Task item:
Exact copy, pictures excluded: output the lines from the opening of the entries through the line bearing "責(zé)編/王琳楠 張政 主審/王文鋒)".

Records excerpted from a collection

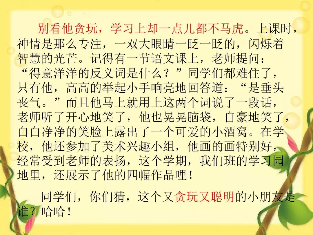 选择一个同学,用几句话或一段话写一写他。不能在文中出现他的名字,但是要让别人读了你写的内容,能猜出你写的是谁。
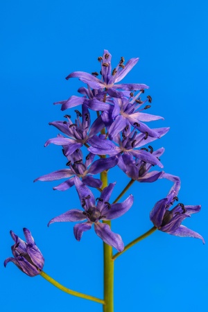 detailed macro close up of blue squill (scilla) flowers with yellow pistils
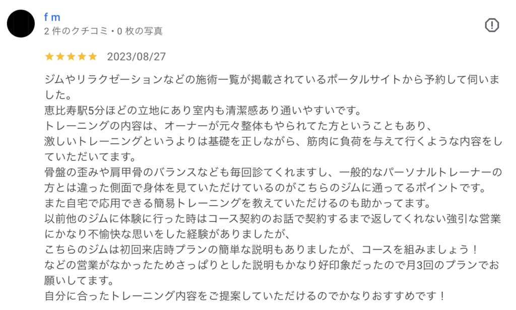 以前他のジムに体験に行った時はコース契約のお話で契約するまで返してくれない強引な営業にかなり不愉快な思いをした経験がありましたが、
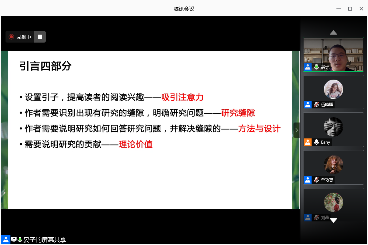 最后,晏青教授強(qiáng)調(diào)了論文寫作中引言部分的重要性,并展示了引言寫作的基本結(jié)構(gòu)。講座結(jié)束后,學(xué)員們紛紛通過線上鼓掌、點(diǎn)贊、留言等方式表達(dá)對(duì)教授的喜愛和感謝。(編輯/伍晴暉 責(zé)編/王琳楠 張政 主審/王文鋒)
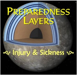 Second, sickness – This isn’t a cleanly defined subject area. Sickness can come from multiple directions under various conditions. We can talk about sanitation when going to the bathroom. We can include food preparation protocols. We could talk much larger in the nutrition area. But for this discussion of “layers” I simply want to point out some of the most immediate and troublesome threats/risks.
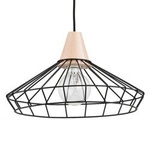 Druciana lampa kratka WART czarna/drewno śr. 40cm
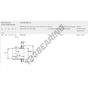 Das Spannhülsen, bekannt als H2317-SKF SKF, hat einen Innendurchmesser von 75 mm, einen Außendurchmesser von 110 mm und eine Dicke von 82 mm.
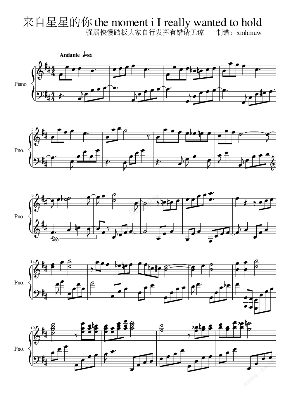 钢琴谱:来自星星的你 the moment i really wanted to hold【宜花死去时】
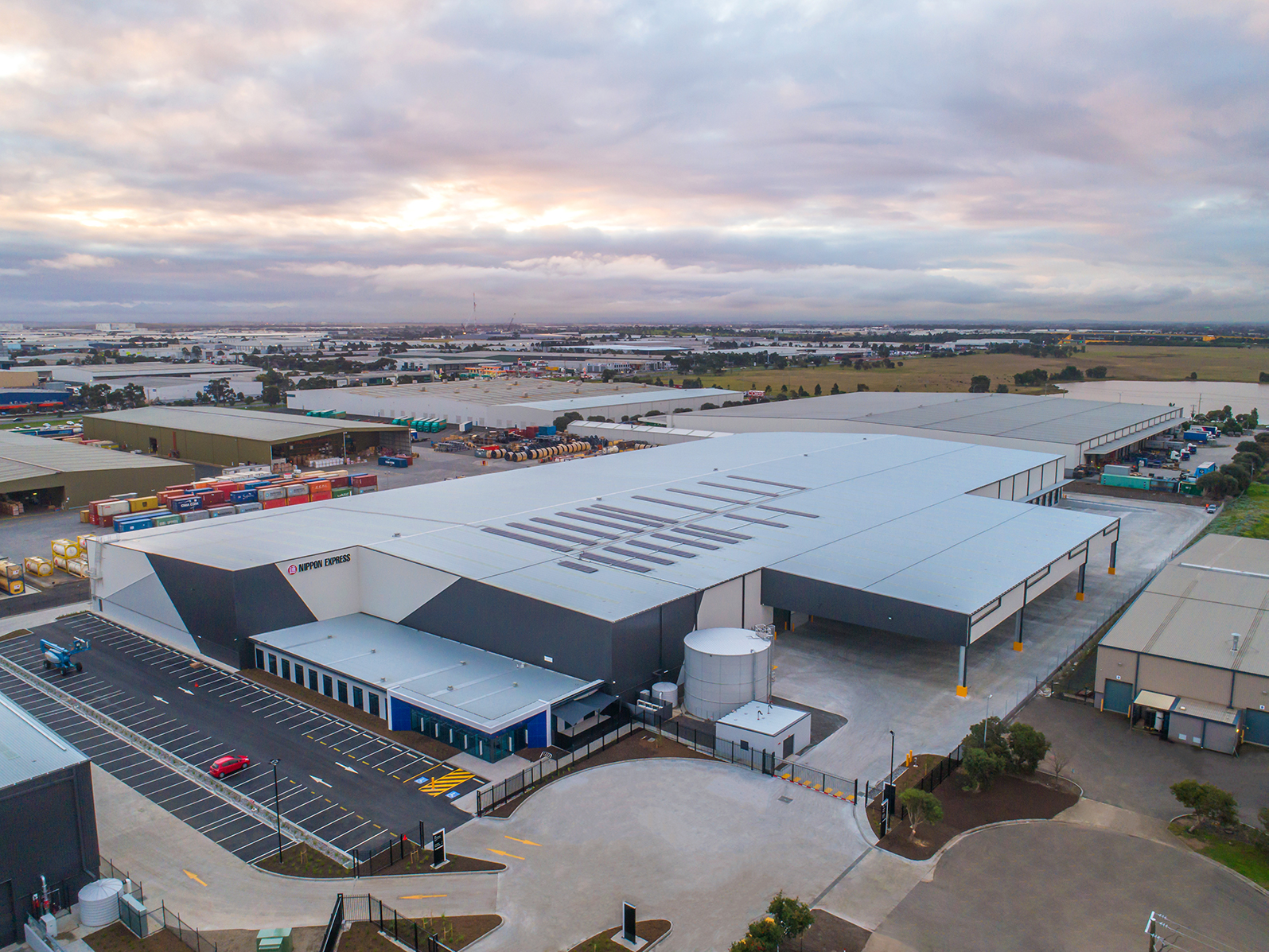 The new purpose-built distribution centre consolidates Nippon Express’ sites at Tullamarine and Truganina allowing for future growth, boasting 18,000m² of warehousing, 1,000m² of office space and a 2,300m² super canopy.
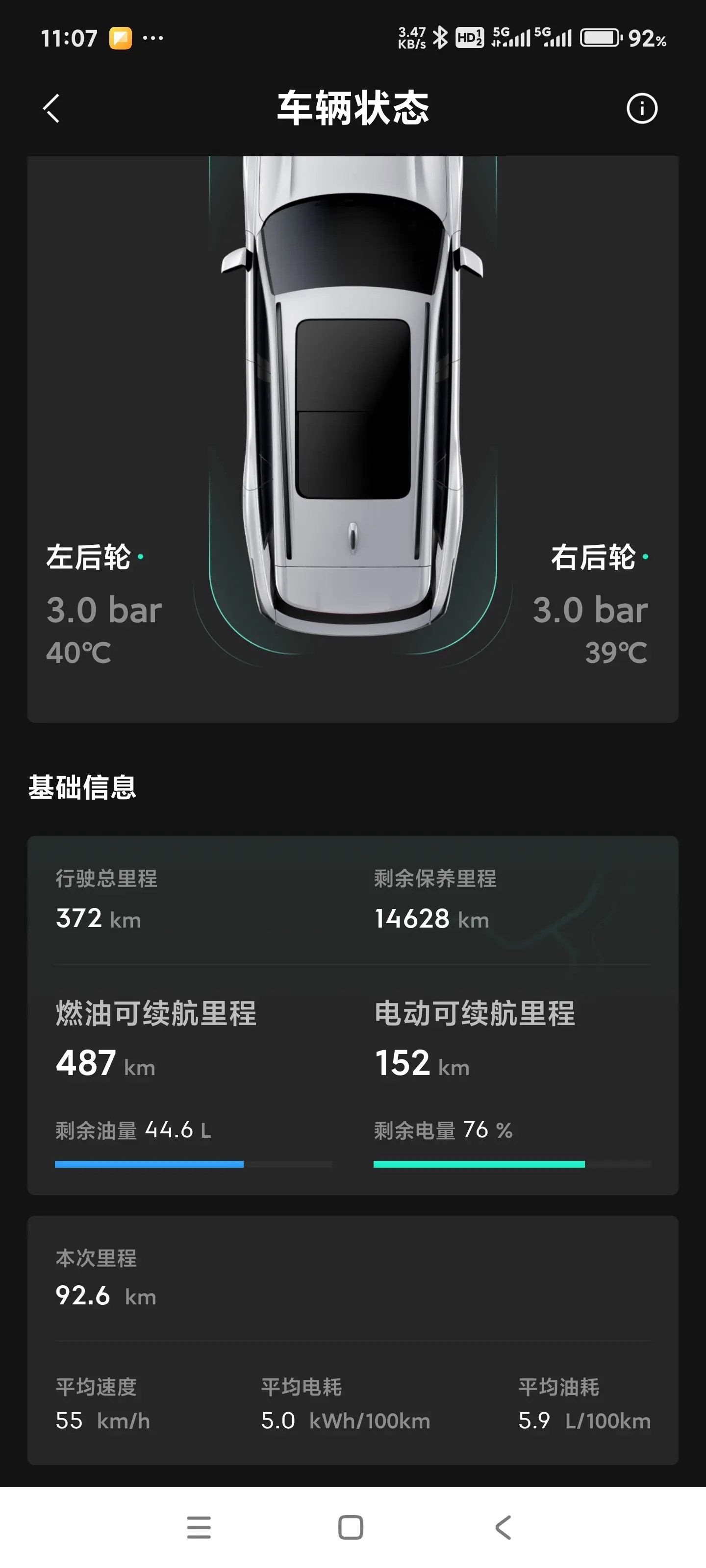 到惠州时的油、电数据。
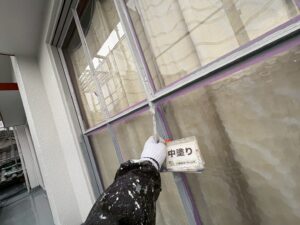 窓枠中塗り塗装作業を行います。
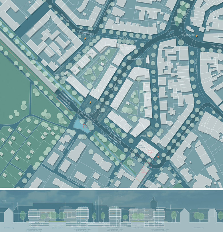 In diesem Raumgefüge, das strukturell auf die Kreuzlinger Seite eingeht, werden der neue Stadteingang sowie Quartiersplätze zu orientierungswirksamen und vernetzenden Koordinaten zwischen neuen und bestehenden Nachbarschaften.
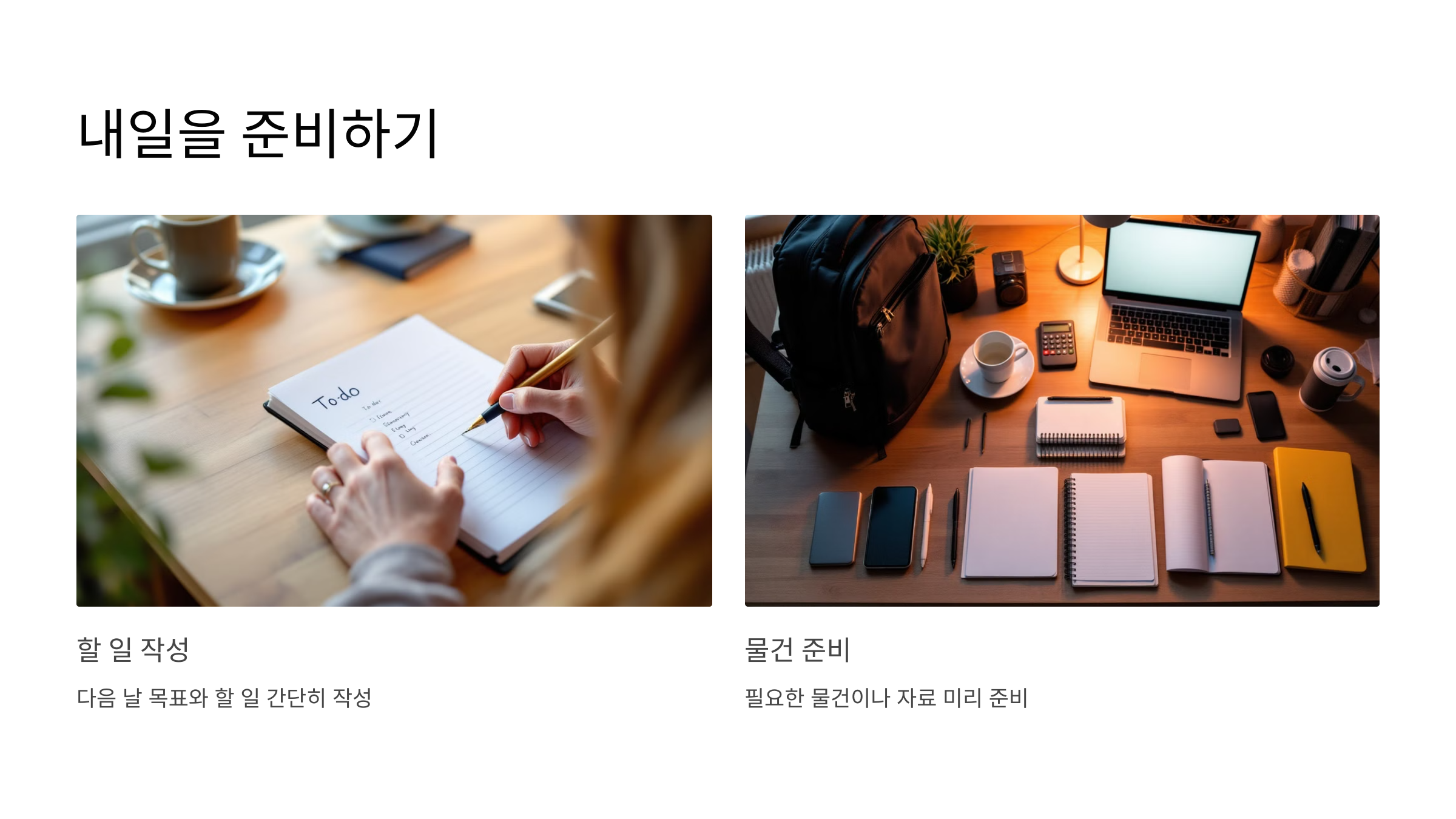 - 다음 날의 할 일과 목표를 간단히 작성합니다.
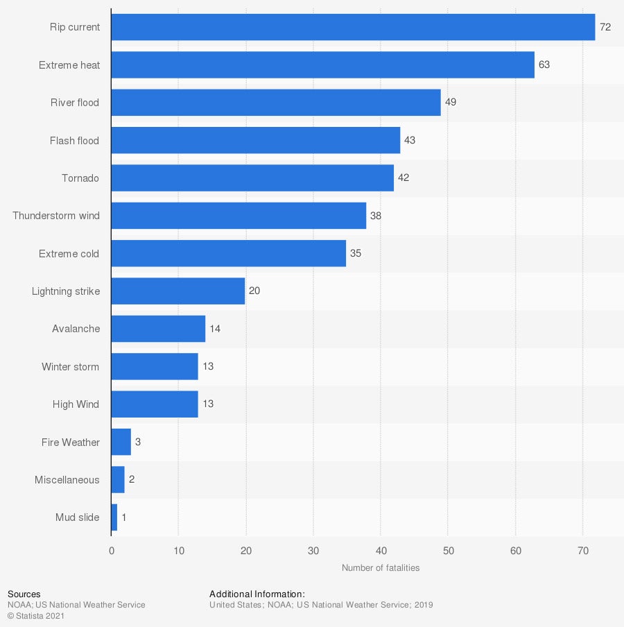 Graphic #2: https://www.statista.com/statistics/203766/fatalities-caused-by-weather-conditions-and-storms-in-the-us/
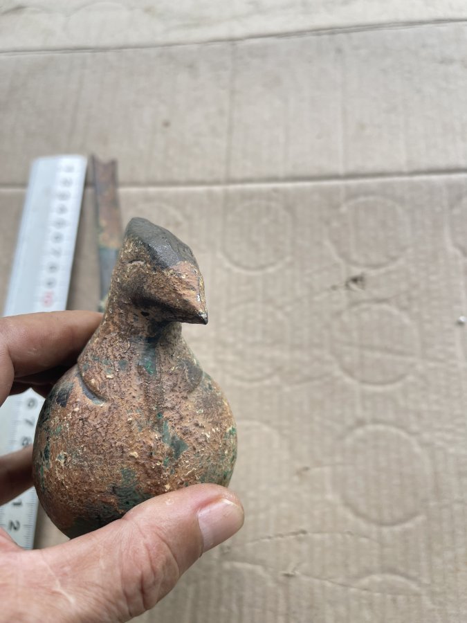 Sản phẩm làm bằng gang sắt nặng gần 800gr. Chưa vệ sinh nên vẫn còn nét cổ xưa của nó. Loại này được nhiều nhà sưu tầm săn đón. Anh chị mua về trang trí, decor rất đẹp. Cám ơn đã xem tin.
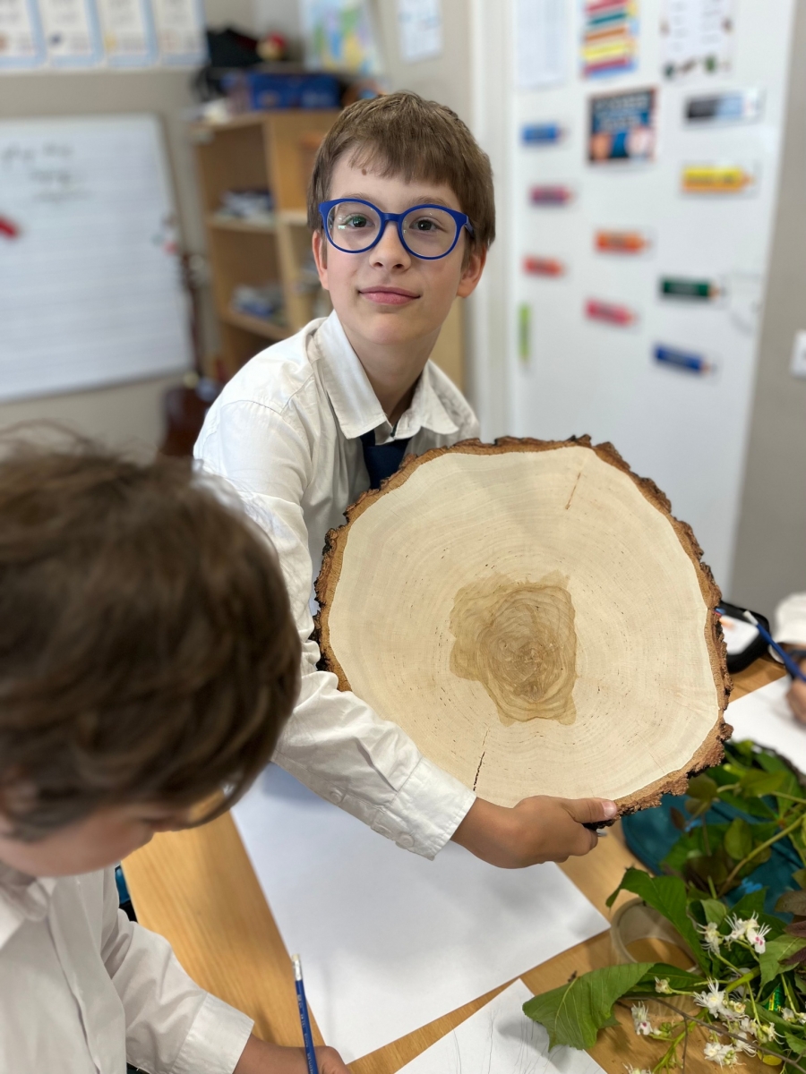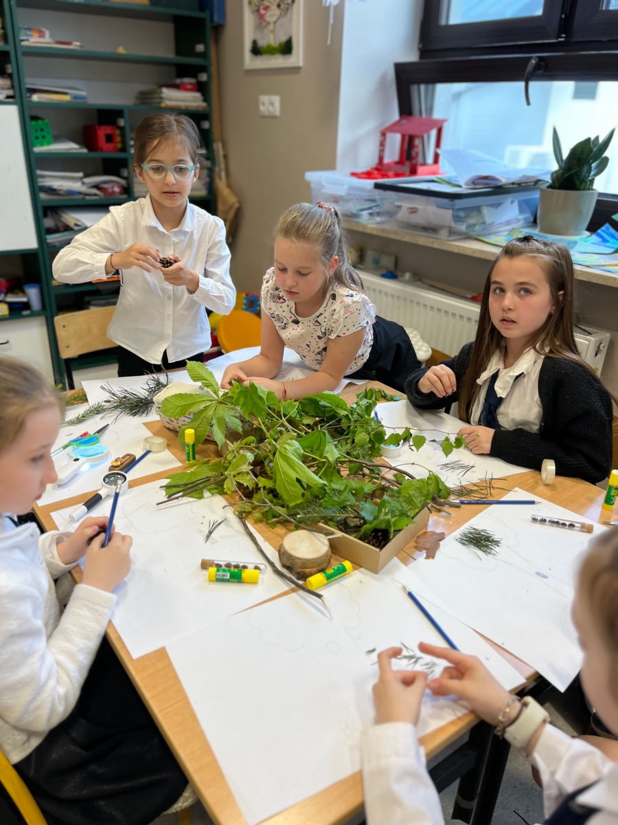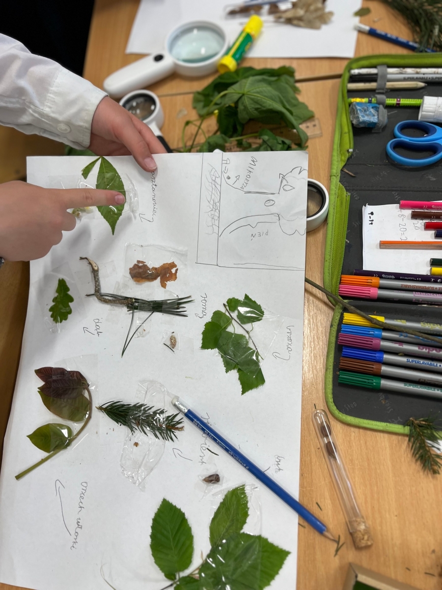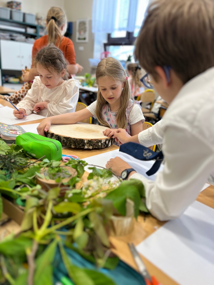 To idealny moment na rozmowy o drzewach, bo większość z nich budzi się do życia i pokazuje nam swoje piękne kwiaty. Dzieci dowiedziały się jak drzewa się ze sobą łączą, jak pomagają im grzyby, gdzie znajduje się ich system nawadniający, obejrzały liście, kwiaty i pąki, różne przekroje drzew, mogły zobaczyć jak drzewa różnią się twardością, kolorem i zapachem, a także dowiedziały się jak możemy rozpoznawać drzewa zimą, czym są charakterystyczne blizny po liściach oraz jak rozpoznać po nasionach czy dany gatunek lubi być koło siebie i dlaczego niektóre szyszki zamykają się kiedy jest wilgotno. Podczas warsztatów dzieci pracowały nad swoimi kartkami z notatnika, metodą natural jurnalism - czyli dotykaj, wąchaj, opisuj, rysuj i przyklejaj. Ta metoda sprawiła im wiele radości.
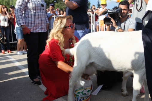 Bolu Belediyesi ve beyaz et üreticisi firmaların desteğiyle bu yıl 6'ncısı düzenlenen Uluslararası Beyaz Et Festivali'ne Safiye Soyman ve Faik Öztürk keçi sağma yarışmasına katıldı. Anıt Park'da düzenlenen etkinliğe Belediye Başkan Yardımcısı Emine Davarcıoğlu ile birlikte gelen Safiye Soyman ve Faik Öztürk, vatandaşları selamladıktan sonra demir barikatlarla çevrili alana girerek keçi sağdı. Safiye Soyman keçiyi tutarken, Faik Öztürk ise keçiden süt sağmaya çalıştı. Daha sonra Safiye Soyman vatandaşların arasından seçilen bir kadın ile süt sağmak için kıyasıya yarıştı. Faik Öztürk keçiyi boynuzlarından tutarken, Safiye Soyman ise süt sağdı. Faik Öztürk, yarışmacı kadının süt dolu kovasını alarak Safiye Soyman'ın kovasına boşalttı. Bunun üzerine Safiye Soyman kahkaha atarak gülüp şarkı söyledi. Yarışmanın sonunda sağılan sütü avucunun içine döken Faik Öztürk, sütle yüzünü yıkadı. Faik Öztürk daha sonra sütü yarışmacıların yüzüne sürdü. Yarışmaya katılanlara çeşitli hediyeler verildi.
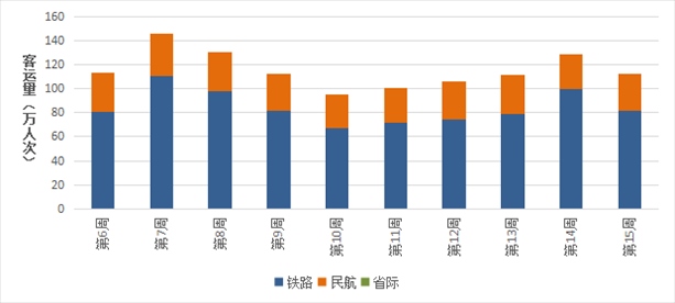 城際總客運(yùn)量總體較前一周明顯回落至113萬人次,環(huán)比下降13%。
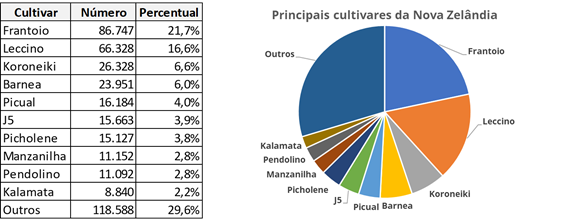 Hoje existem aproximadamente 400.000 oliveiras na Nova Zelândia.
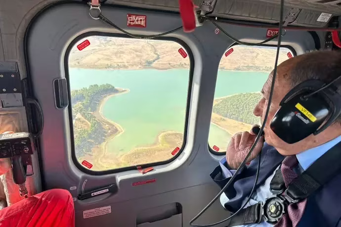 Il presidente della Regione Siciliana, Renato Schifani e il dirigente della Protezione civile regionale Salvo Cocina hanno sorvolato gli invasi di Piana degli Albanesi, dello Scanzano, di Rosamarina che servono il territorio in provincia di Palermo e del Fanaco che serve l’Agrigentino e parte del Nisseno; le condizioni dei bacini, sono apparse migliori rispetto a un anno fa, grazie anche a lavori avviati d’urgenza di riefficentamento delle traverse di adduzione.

Exercise solution:
 选择一个同学,用几句话或一段话写一写他。不能在文中出现他的名字,但是要让别人读了你写的内容,能猜出你写的是谁。
 detailed macro close up of blue squill (scilla) flowers with yellow pistils
 以前他のジムに体験に行った時はコース契約のお話で契約するまで返してくれない強引な営業にかなり不愉快な思いをした経験がありましたが、
 最后,晏青教授強(qiáng)調(diào)了論文寫作中引言部分的重要性,并展示了引言寫作的基本結(jié)構(gòu)。講座結(jié)束后,學(xué)員們紛紛通過線上鼓掌、點(diǎn)贊、留言等方式表達(dá)對(duì)教授的喜愛和感謝。(編輯/伍晴暉 責(zé)編/王琳楠 張政 主審/王文鋒)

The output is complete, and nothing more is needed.